Dia menegaskan pihaknya menyambut baik segala bentuk upaya penggalangan persatuan dan rekonsiliasi bangsa Palestina yang menurutnya sudah berjalan dan terus berproses.

Mengenai perundingan langsung dengan Israel dia mengatakan, “Sikap Hamas sudah sepenuhnya jelas. Perundingan langsung dengan Rezim Zionis sama sekali tidak ada dalam agenda kami. Kalaupun terpaksa harus ada perundingan maka dilakukan secara tidak langsung, dan ini sudah menjadi kebijakan dan pendirian teguh Hamas.”

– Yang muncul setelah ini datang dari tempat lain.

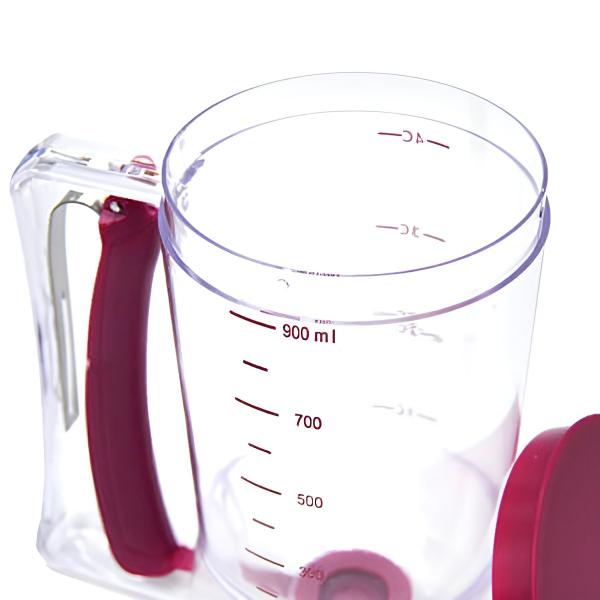Mērījumu atzīmes uz trauka ļauj viegli un konsekventi sadalīt porcijas. Precīzi pagatavojiet ideālas pankūkas, vafeles, omletes un daudz ko citu.

Mengenai misi kunjungannya ke Tunisia dia menjelaskan, “Kunjungan ini bertujuan mendiskusikan dan mempelajari langkah-langkah paca Perang Gaza serta mempelajari jalur-jalur pengiriman bantuan segera kepada penduduk Gaza, penempatan mereka di tempat tinggal serta pembangunan dan rekonstruksi kerusakan di Gaza, sebab musuh telah melakukan kejahatan yang mengerikan terhadap penduduk Gaza dan telah menimpakan kerusakan yang sangat besar di kawasan ini.”

Meshaal mengingatkan bahwa sudah menjadi kewajiban masyarakat internasional membantu rekonstruksi prasarana di Gaza, termasuk rumah sakit dan instalasi pembangkit listrik, demi mengakhiri penderitaan dan problematika rakyat Palestina.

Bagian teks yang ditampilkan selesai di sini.